Il participe en 2014 au prix Icart de l’espace Pierre Cardin et expose son travail photographique à la Samaritaire à Paris lors de l’exposition Carte Blanche à la jeune photographie. En 2015, il participe à l’exposition des diplômés de l’École Nationale Supérieure des Beaux-arts de Paris Transmission ; et au cloître Saint-Louis d’Avignon (Collection Lambert). Il y rencontre David Douard qui le formera à la technique du moulage, technique qui sera dès lors à la base de la majorité de ses pièces. Il participe en 2018 au prix de la Fondation d’entreprise Ricard. Pamis les pièces maitresses de son univers, Victor Vaysse réalise While True, une installation mêlant photographie, vidéo et programmation numérique. Cette œuvre cherche à démontrer l’existence d’un espace mental qui devrait se trouver entre l’objet photographique en deux dimensions et le corps du spectateur. Cet espace découlerait de l’imaginaire du spectateur, qui projetterait son interprétation et ses émotions au sein de la composition. Ici, trois machines, actionnent des caméras qui filment une photographie à la manière d’un traveling. Tournage, montage et diffusion, tout se fait en direct devant le regardeur. Entre sculpture et vidéo expérimentale, cette œuvre à la croisée des médiums propose une mise en abîme du processus de création des images et propose une vision dystopique de l’industrialisation du cinéma. Dans une volonté de déplacer l’image bidimensionnelle vers le volume et d’intégrer l’automate mécanique au processus de monstration, l’artiste crée en 2017 We, now, you! La galerie. Cette œuvre présentée à l’ar[T]senal dans le cadre de l’exposition Inspiré.e.s - Acte 2 – Arts numériques, a été réalisée au Fresnoy et exposée en 2020 lors de Panorama 19.

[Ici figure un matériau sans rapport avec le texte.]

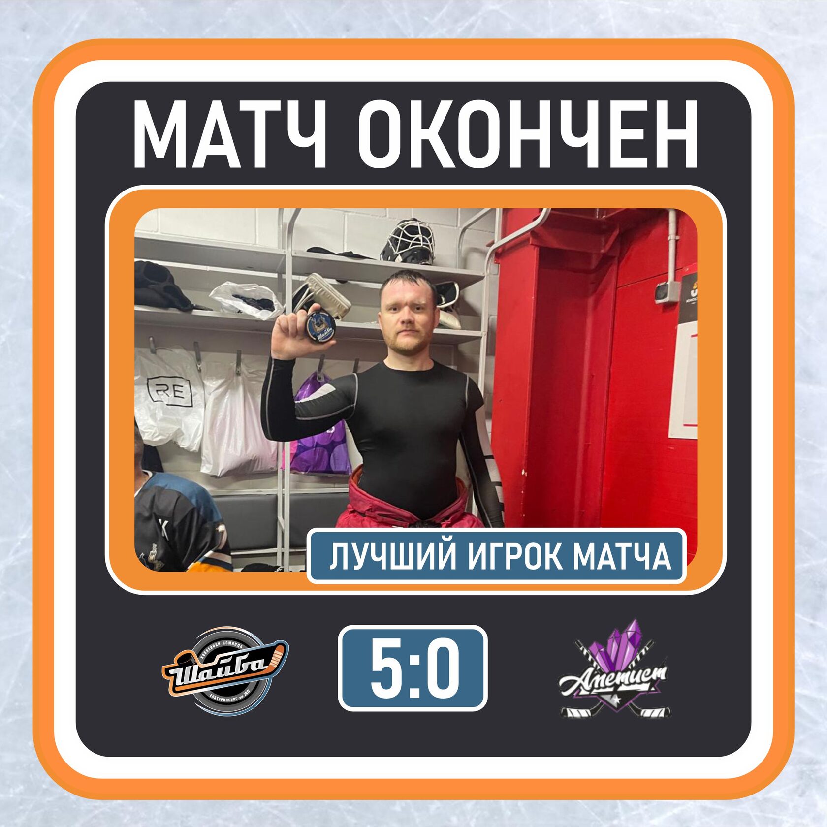 Одержали первую победу в сезоне! Соперник замыкает таблицу группы "В", но тем не менее, парни из "Аметиста" старались и имели шансы уйти от сухого поражения. Но Дмитрий Субботин заработал "сухарь", как никто другой, он заслужил его своей работой, как в данном матче, так и в остальных, в которых принимал участие! Полевые игроки, тоже провели достойный матч, хоть и не без огрехов. Соперник, в составе имел много начинающих игроков, но это не умоляет заслуг команды хозяев! Очередной отличный матч провело звено "мощных", Алексей Трухин 2+2, Дамир Нафиков 1+1, Виктор Прокудин 1+1, так же Виктор оформил победную шайбу! Две классные передачи оформил Иван Шмелев, здорово разогнав две голевые атаки! Сработало большинство, весьма зрелищную комбинацию разыграло второе звено, особенно филигранной вышла передача Валерия Большедворова на Павла Долгошеева, который вколотил шайбу в ворота "Аметиста". Могли и должны были забивать больше, Олег Векшин имел пару убойных моментов, но оба раза попал во вратаря. Мохов и Большедворов тоже могли решать моменты в свою пользу! Да, класс соперника позволил навязать свою игру, не было особой суеты, если не брать несколько несогласованных действий при выходе из своей зоны, Согрин Егор "напожарил", но Дима Субботин подчистил ошибки. Как только игра начинал приобретать акцентированность на воротах парней в белой форме, возникала масса опасных моментов! Не идти в углы, что бы оттуда искать, кого-то, идти прямо на "пятак", не боятся, чаще бросать по воротам и уверенность придет! Следующий матч будет с более опытной командой, хотя "Шайбе" уже некуда отступать, нужно целятся за каждую возможность и полувозможность!

Il s’agit d’un ensemble de sculptures/images qui réagissent en fonction de la position du regardeur, de manière à présenter toujours le même côté. Pour cette œuvre, l’artiste a sélectionné des sculptures classiques des Musées Nationaux du Louvre et d’Orsay, dont il n’a conservé que l’image photographique et les contours. Ces reproductions sont transférées sur des silhouettes en résine de polyester semi-transparentes et positionnées sur un socle rotatif. Grâce à un système de caméra, d’arduino et de de détecteurs de mouvement, les sculptures tournent sur leur axe en réaction aux déplacements du spectateur. L’image acquiert ici une dimension quasi-holographique qui perturbe nos sens puisque l’œil capte la sensation du volume malgré la planéité de l’image et que pour ne rien gâcher, l’image à l’apparence plate, se meut en une sculpture mobile à la danse effrénée. Une émotion contradictoire naît de cette expérience. Ces sculptures nous semblent familières car elles renvoient à la conception universelle que l’on peut se faire de la sculpture. Pourtant, elles ne cessent d’échapper à notre regard. Intervient alors un déséquilibre chez le spectateur. En effet, si la sculpture classique est profondément inscrite dans la grande Histoire de l’art, le système de monstration qui découle des nouvelles technologies est quant à lui résolument contemporain et questionne autant l’authenticité de l’œuvre que le statut du créateur, à mi-chemin entre artiste et technicien, ou disparaissant au titre de seul concepteur, remplacé par une série d’ingénieurs ou de programmateurs qui interviennent pour faire vivre l’œuvre. Depuis 2019, l’artiste développe un travail d’expérimentations autour de la reproduction d’images à l’aide d’imprimantes domestiques “bricolées”. Les œuvres ainsi produites portent en elles les traces de la machine qui les a produites. Images anecdotiques de véhicules, fragmentées, agrandies et recomposées, elles deviennent les allégories de la mécanisation appliquées à l’Art. Actuellement, il mène un doctorat à l’ESAM de Caen/Cherbourg intitulé De Picturama : de la productibilité technique à l’expérience du faire, une thèse encadrée par Franck Varenne et Maxence Rifflet.